> _What to work on_
Your answer must match the records word for word and contain no pictures.

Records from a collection
════════
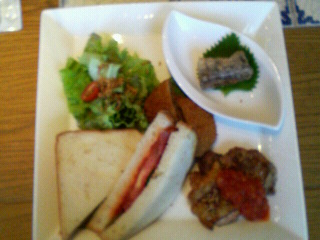 ワンプレートのランチで飲み物とデザートがついていました。
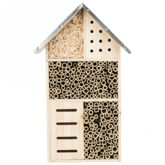 Dieses Hotel aus unbehandeltem Kiefernholz und robustem, verzinktem Metall schafft zwölf speziell gestaltete Kammern. Bambusrohre laden Solitärbienen ein, Rindenstücke bieten Marienkäfern Unterschlupf, und präzise Bohrlöcher dienen als Nester für weitere Nützlinge. Das geneigte Dach weist Regen ab und gewährleistet trockene, sichere Plätze – ganzjährig ein Hort für die kleinen Helfer.
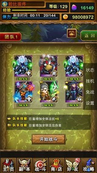 2、从当前版本来看,前期的话还是推荐4保一,一个C,两个T,两个奶妈。如果前期没有抽到好的,初始阵容就可以MT,傻馒,猎人,呆贼,法丝。
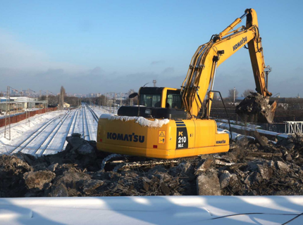 В районе путепровода на Малиновского начали готовить стройплощадку подъездных путей
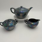 Cowan Pottery Blue Iridescent Teapot Cream & Sugar Set Numbered Oil Drip Glaze
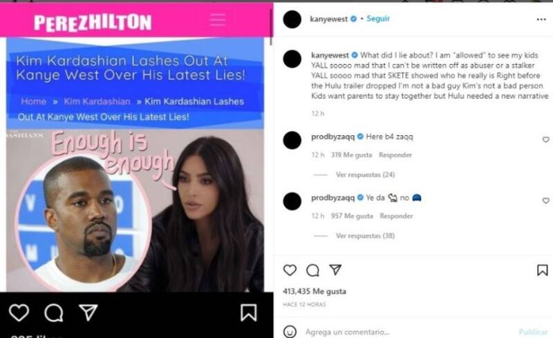 Durante los últimos meses, Kim se había mantenido en silencio ante las acusaciones del compositor pero el último posteo causó su enojo al saber que nuevamente estaba mintiendo sobre que no lo deja ver a sus hijos cuando había estado esa mañana con ellos. El nuevo tráiler del show The Kardashians también fue motivo para que el intérprete de Donda expresara sus opiniones mediante redes sociales.
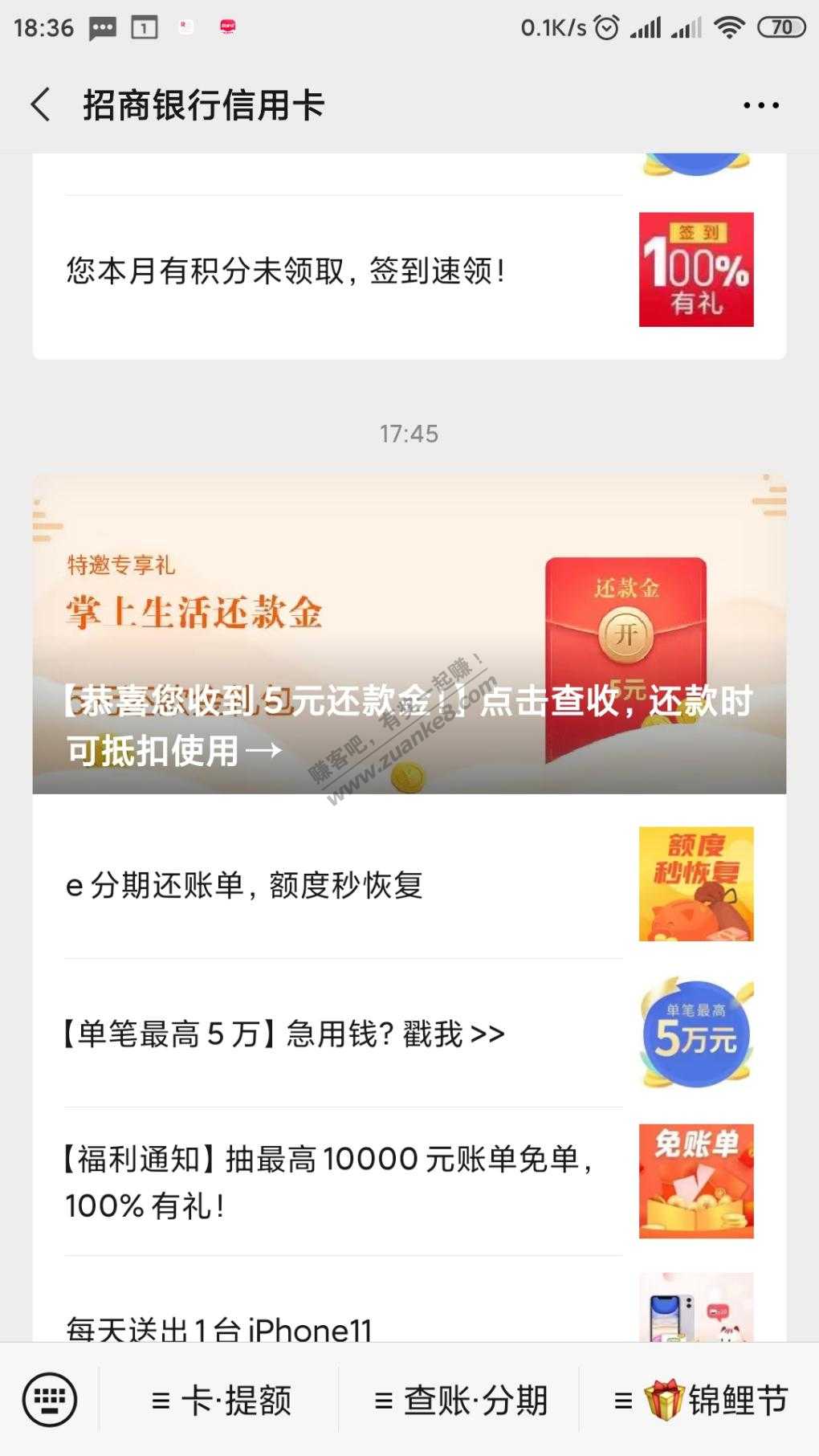 微信公众号:招行xing/用卡第一条,5元还款券,3 2.写受邀,但是没问题。手机码字不易。好用加果。现在还有很多
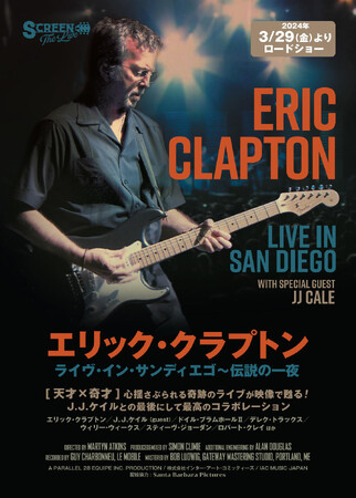 IAC MUSIC JAPAN(株式会社インター・アート・コミッティーズ)では コンサート映像上映シリーズ〈Screen The Live〉を2023年より始動し、 今回第2弾としてエリック・クラプトンが2007年3月15日に米サンディエゴで開催したコンサートを収録した映像作、 『エリック・クラプトン : ライヴ・イン・サンディエゴ〜伝説の一夜』を Santa Barbara Pictures(マリブ・コーポレーションの映画事業)配給協力のもと、 全国の劇場で2024年3月29日(金)からロードショーいたします。
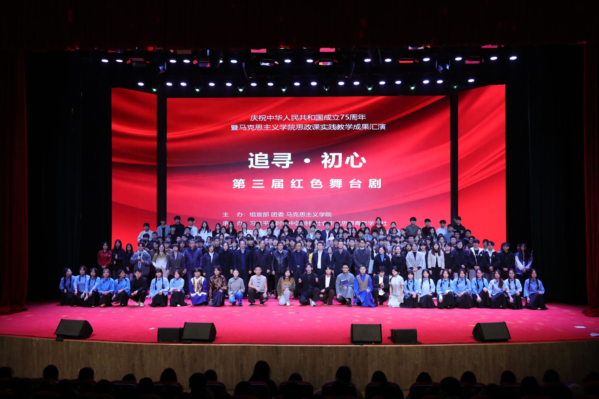 11月14日晚,昭徳礼堂,星光璀璨。庆祝中华人民共和国成立75周年暨马克思主义学院思政课实践教学成果汇演《追寻·初心》第三届红色舞台剧隆重上演。学院领导许征程、马福恒、赵伟、刘占红、赵惠娟、王志明、范成宝与广大师生一同现场观看演出。
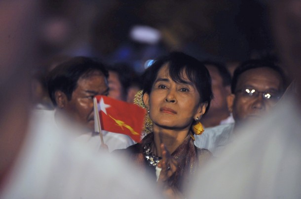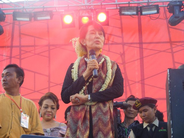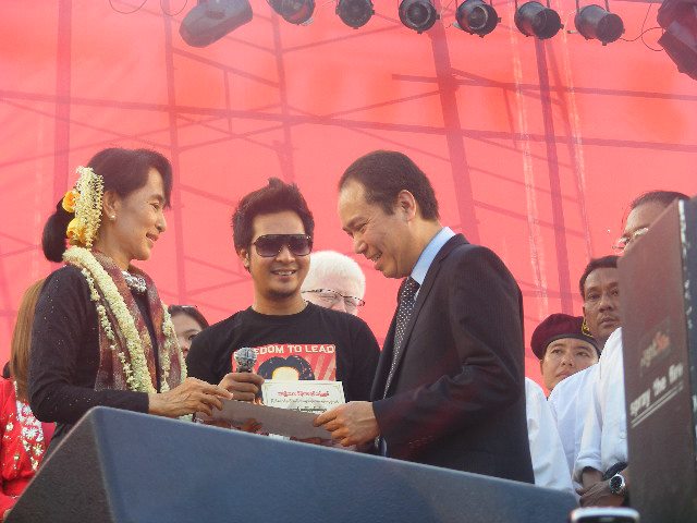 ေဒၚေအာင္ဆန္းစုၾကည္ႏွင့္ ဖြင္႔ပြဲတြင္ အလွဴေငြေပးအပ္ေသာ ေရႊနန္းေတာ္ေရႊဆိုင္ ပုိင္ရွင္ (ဓာတ္ပုံ ျမစ္မခ)
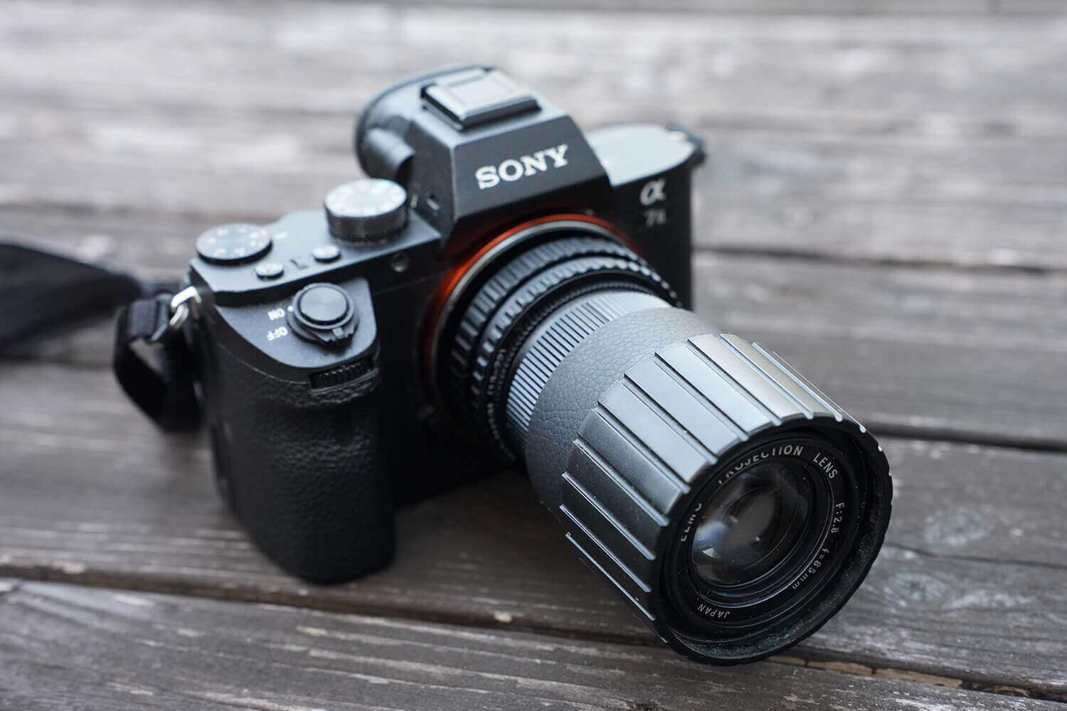 代替品としてそれよりも安価に入手可能なレンズもありますが、それでも価格が高いです。そこで、1960年代~70年代に普及していたスライドプロジェクターのレンズを改造してミラーレスカメラに装着して撮影しました。
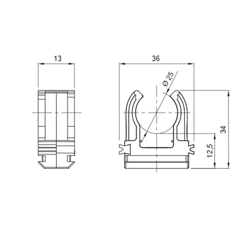 Gewiss clips a presión para tubos de 25 mm paquete de 100 piezas GW50603
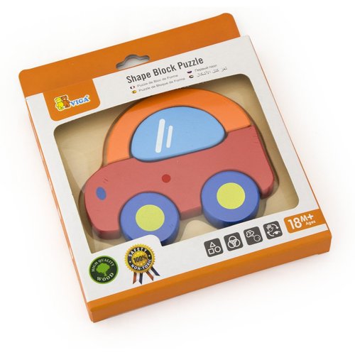 Dřevěné puzzle - vkládačka pro nejmenší s motivem autíčka. Rozměry autíčka cca 12 x 10,5 cm. Rozměry balení cca 15,5 x 18 x 2 cm. Věk 18m+
════════
> _Answer_
 ワンプレートのランチで飲み物とデザートがついていました。
 Dieses Hotel aus unbehandeltem Kiefernholz und robustem, verzinktem Metall schafft zwölf speziell gestaltete Kammern. Bambusrohre laden Solitärbienen ein, Rindenstücke bieten Marienkäfern Unterschlupf, und präzise Bohrlöcher dienen als Nester für weitere Nützlinge. Das geneigte Dach weist Regen ab und gewährleistet trockene, sichere Plätze – ganzjährig ein Hort für die kleinen Helfer.
 2、从当前版本来看,前期的话还是推荐4保一,一个C,两个T,两个奶妈。如果前期没有抽到好的,初始阵容就可以MT,傻馒,猎人,呆贼,法丝。
 В районе путепровода на Малиновского начали готовить стройплощадку подъездных путей
 Cowan Pottery Blue Iridescent Teapot Cream & Sugar Set Numbered Oil Drip Glaze
 Durante los últimos meses, Kim se había mantenido en silencio ante las acusaciones del compositor pero el último posteo causó su enojo al saber que nuevamente estaba mintiendo sobre que no lo deja ver a sus hijos cuando había estado esa mañana con ellos. El nuevo tráiler del show The Kardashians también fue motivo para que el intérprete de Donda expresara sus opiniones mediante redes sociales.
 微信公众号:招行xing/用卡第一条,5元还款券,3 2.写受邀,但是没问题。手机码字不易。好用加果。现在还有很多
 IAC MUSIC JAPAN(株式会社インター・アート・コミッティーズ)では コンサート映像上映シリーズ〈Screen The Live〉を2023年より始動し、 今回第2弾としてエリック・クラプトンが2007年3月15日に米サンディエゴで開催したコンサートを収録した映像作、 『エリック・クラプトン : ライヴ・イン・サンディエゴ〜伝説の一夜』を Santa Barbara Pictures(マリブ・コーポレーションの映画事業)配給協力のもと、 全国の劇場で2024年3月29日(金)からロードショーいたします。
 11月14日晚,昭徳礼堂,星光璀璨。庆祝中华人民共和国成立75周年暨马克思主义学院思政课实践教学成果汇演《追寻·初心》第三届红色舞台剧隆重上演。学院领导许征程、马福恒、赵伟、刘占红、赵惠娟、王志明、范成宝与广大师生一同现场观看演出。
 ေဒၚေအာင္ဆန္းစုၾကည္ႏွင့္ ဖြင္႔ပြဲတြင္ အလွဴေငြေပးအပ္ေသာ ေရႊနန္းေတာ္ေရႊဆိုင္ ပုိင္ရွင္ (ဓာတ္ပုံ ျမစ္မခ)
 代替品としてそれよりも安価に入手可能なレンズもありますが、それでも価格が高いです。そこで、1960年代~70年代に普及していたスライドプロジェクターのレンズを改造してミラーレスカメラに装着して撮影しました。
 Gewiss clips a presión para tubos de 25 mm paquete de 100 piezas GW50603
 Dřevěné puzzle - vkládačka pro nejmenší s motivem autíčka. Rozměry autíčka cca 12 x 10,5 cm. Rozměry balení cca 15,5 x 18 x 2 cm. Věk 18m+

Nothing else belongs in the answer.